Of all the lines below, output only those starting at the one with "Noise-Cancelling Headphones, белый" and ending at the one with "- Двуспальное, см: простыня", both ends included, exactly as written.

SUPPLIED DATA:
>>>>>
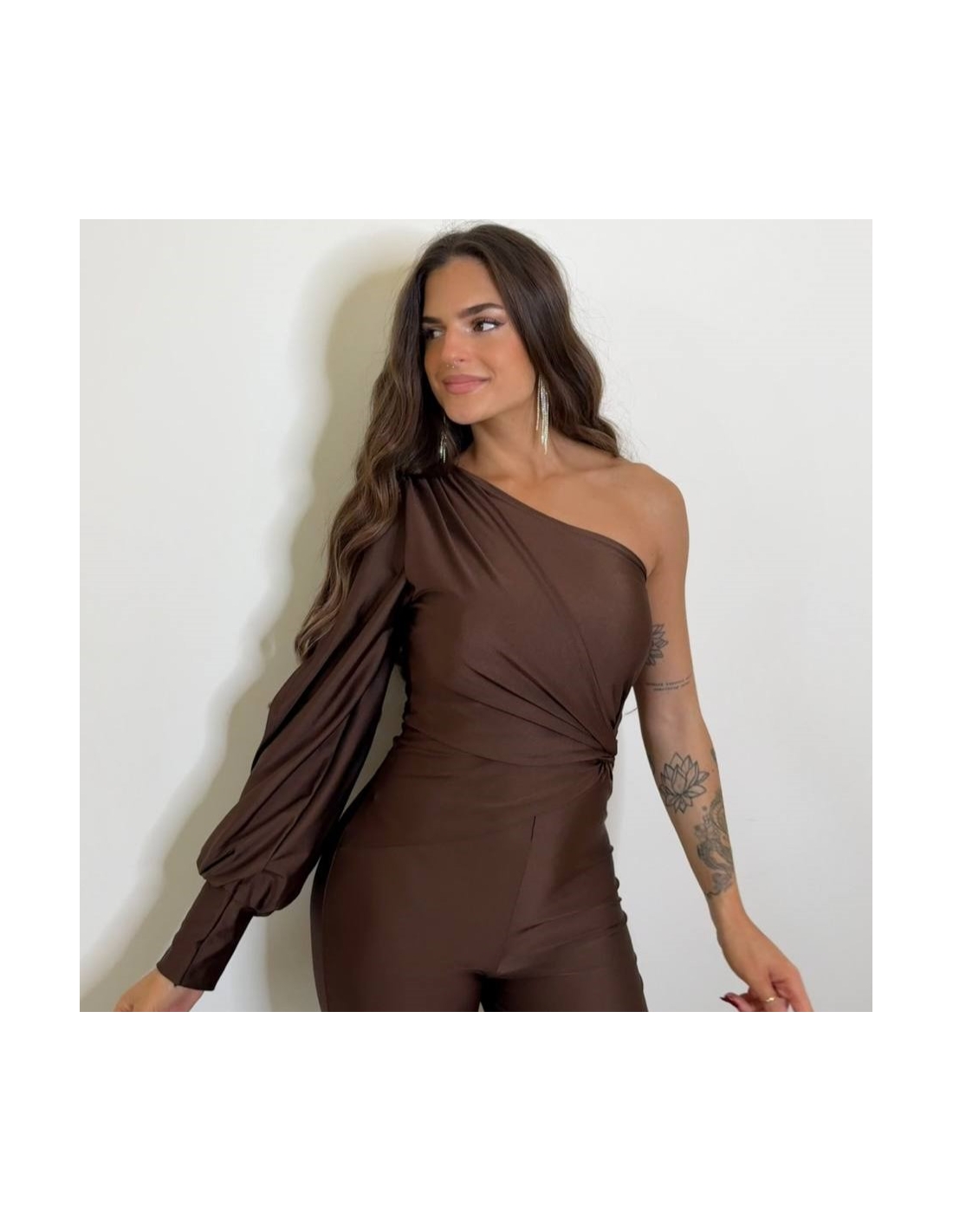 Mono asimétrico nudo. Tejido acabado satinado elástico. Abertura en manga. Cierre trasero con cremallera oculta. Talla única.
<<<<<
>>>>>
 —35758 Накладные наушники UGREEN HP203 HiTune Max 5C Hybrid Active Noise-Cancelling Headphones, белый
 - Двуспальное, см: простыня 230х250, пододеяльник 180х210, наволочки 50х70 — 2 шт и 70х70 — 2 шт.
<<<<<
OUTPUT OF THE EXERCISE:
 —35758 Накладные наушники UGREEN HP203 HiTune Max 5C Hybrid Active Noise-Cancelling Headphones, белый
 - Двуспальное, см: простыня 230х250, пододеяльник 180х210, наволочки 50х70 — 2 шт и 70х70 — 2 шт.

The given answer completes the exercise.